Moving From HTTP to HTTPS: Part 1 of 2

Making the move from HTTP to HTTPS is now something I’d advising all my clients to do for a number of reasons:

1) Google Chrome and other browsers are now pointing out sites that aren’t secure in the address bar.

2) Google Search is now beginning to use HTTPS as a ranking signal, so switching can benefit SEO rankings.

3) When you use HTTPS you show your customers and visitors that you’re concerned about their safety and doing your part to protect them (as well as your yourself and your staff or employees).

4) It builds credibility – you don’t look very legitimate when your URL has an insecure site warning beside it. Especially for ecommerce sites people are looking for the green padlock.

What does it mean in practical terms for you? Imagine this…

You could be at a coffeeshop using their wireless network. You login to your (unsecured) website. A hacker sitting a few tables over is watching the network, sees you come online and watches your keystrokes as you login. Simple as that, they know how to get into your site. It’s so easy it’s scary for people who know what they’re doing.When you login to your HTTPS site, though, anyone eavesdropping on the network can see where you go, but they can’t know how you logged in or what you’re doing on your site once you’re logged in. Using HTTPS makes it harder for people to intercept things moving across a network or to know what people inside a secure site are doing.

But FYI: secure does not necessarily always equal safe.

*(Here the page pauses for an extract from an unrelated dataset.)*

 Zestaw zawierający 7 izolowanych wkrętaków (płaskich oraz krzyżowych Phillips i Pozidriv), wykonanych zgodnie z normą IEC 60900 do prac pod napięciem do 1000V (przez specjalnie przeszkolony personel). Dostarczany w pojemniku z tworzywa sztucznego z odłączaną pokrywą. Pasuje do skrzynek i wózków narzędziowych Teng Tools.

You could visit another secure site that’s been hacked, and even though your connection is secure, you are not safe from whatever they might try to do to your computer.

Getting Started

1) Buy and install an SSL certificate.

Many hosts sell these, and even though they might be a bit more expensive, they’ll usually install them for you at no charge. This is usually worth it for the convenience. Single-site SSL certs are typically $10-$50/year.

You don’t need to buy a $100 certificate for your single site – a $10 cert is as effective as a $400 one. The difference is in the amount of insurance they provide, but typically for most small business sites you’ll be fine with a less expensive cert.

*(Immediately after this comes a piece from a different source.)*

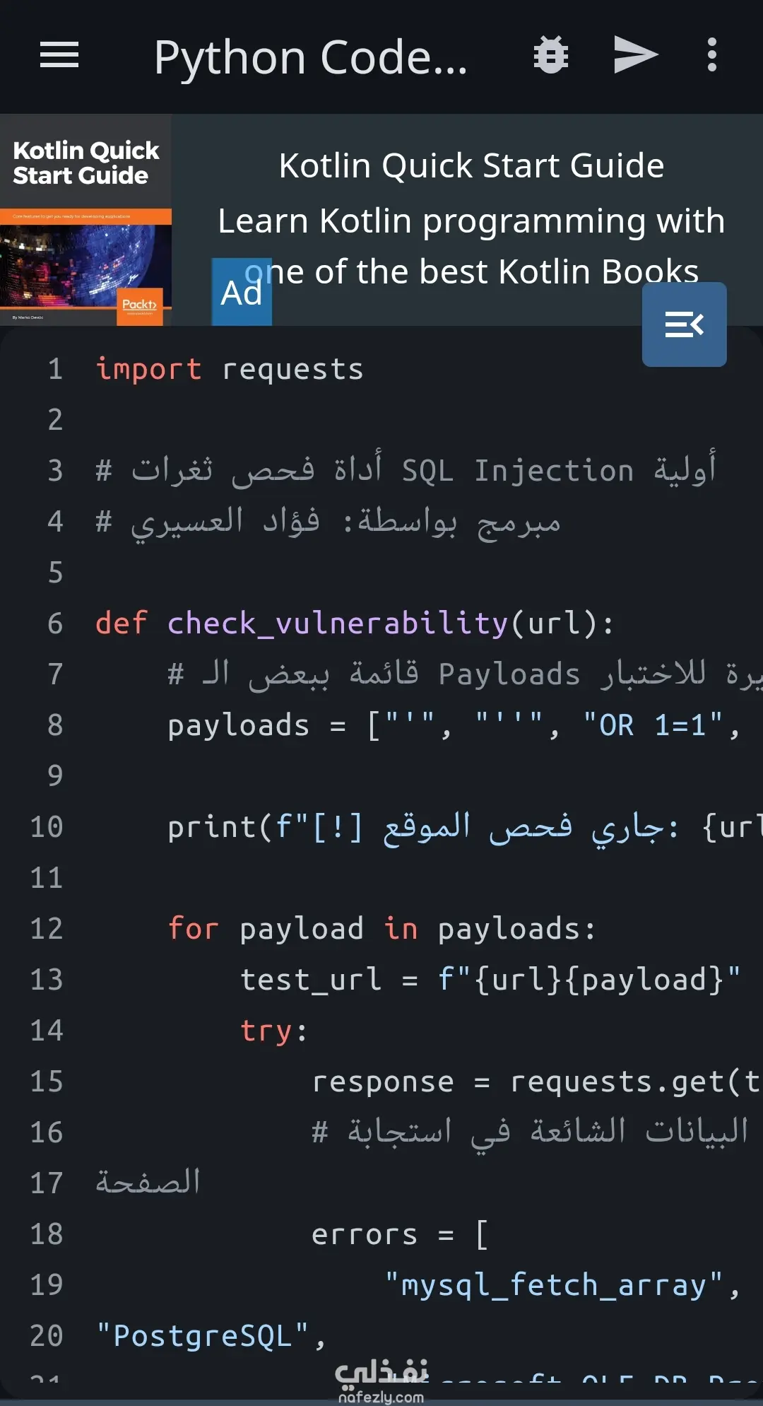 لقد قمت بتطوير سكربت برمجي متقدم بلغة Python لأتمتة فحص تطبيقات الويب واكتشاف الثغرات الأمنية الشائعة. تشمل الأداة الميزات التالية: فحص المنافذ المفتوحة: للتعرف على نقاط الدخول المحتملة في الشبكة. تحليل ترويسات HTTP: للكشف عن أي سوء إعدادات أمنية. كشف ثغرات SQL Injection: تحديد نقاط الضعف البرمجية التي قد تتيح حقن قواعد البيانات. دعم دورة حياة التطوير (SDLC): صُممت الأداة لمساعدة المطورين في تأمين مشاريعهم خلال المراحل الأولية من البرمجة. المهارات المتعلقة بالعمل: بايثون (Python Expert): المهارة الأساسية في بناء السكربت. الأمن السيبراني (Cybersecurity): المعرفة بالمنهجيات الهجومية لبناء حلول دفاعية. Vulnerability Assessment: تقييم نقاط الضعف في الأنظمة. برمجة قواعد البيانات: لفهم ومعالجة ثغرات SQL. إدارة الشبكات: تحليل حركة المرور وفهم بروتوكولات TCP/IP. أستخدم هذه المهارات البرمجية لضمان أمن المتاجر الإلكترونية التي أديرها (Shopify & Salla)، وحماية بيانات العملاء من أي محاولات اختراق عبر فحص الثغرات بشكل دوري.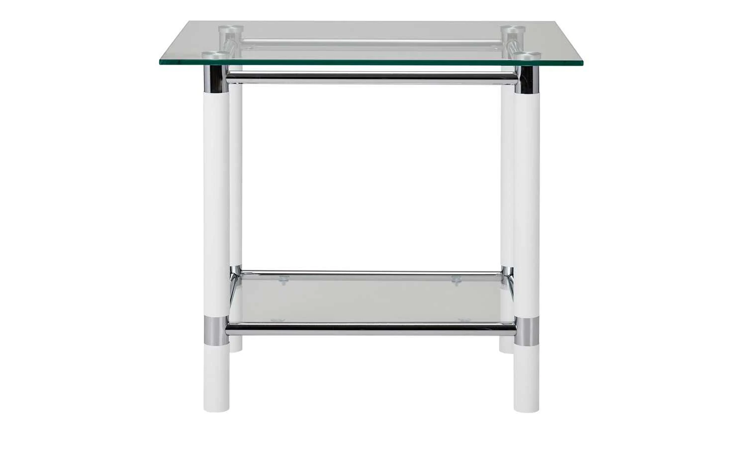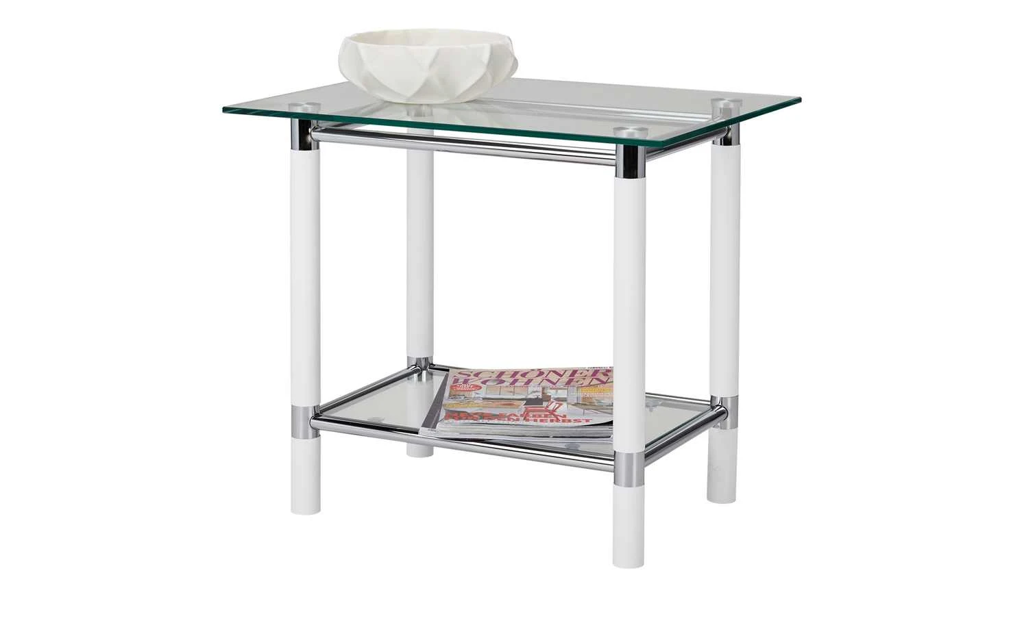 Der Beistelltisch bietet zusätzliche Stell- und Ablageflächen – und das in jedem beliebigen Raum. Dank des zeitlosen Designs können Sie ihn wunderbar mit vorhandenen Einrichtungen kombinieren. Tischplatte und Ablage bestehen aus neutralem Klarglas. Es zeichnet sich durch Robustheit aus und lässt sich leicht pflegen. Das Gestell aus Metall ist mattweiß lackiert und wird von Chromakzenten abgesetzt.

If you have multiple domains to protect (mysite.com, surfing.mysite.com, travel.mysite.com) you’ll need a multisite cert, typically $30-$250/year depending on how many sites are involved. If you’re not sure of the number of sites, a wildcard cert will cover unlimited numbers for $80-$200/year.

Finally, some progressive hosts who recognize the value of securing more of the web offer free SSL certs like Let’s Encrypt. If you’re hosting with me, you have this available to you right now, get in touch to have it set up.

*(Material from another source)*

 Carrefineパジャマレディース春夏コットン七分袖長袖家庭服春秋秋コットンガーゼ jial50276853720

2)  If using WordPress, change the Site URL and WordPress URL to HTTPS.

Do this in Settings > General, and you will be logged out when you make this change.

3) Check to make sure the certificate is installed correctly: https://www.sslshopper.com/ssl-checker.html

You want to make sure it recognizes the SSL cert and shows that both www and non-www domains are included.

4) Check all the pages for the green padlock. If you don’t see it, that means there’s mixed content on the page – something is still using HTTP.

This is the often the big scary bear when moving to HTTPS – tracking down all those hard-coded links. You will have to dig into the code or theme files to do this, and it can be quite time-consuming. Once you have every link changed and are getting the green padlock everywhere…

4) Add 301 redirects from HTTP to HTTPS.

This is critical to preserve your search rankings! You must 301 redirect every old HTTP URL to their respective new HTTPS URLs. Fortunately this is pretty easy. Where you do it depends on the type of hosting you have – most will have Apache, and for that you add this code snippet to your .htaccess file: http://codepen.io/kanjigirl/pen/jBJqro

That will people and bots visiting the old HTTP pages to be forwarded automatically to the new HTTPS versions.


This is the end of Part 1. In an upcoming post we’ll go over the SEO tasks that have to be done during this switch. If you have questions about this process and why it’s important, or need help getting it done for your site, feel free to contact me.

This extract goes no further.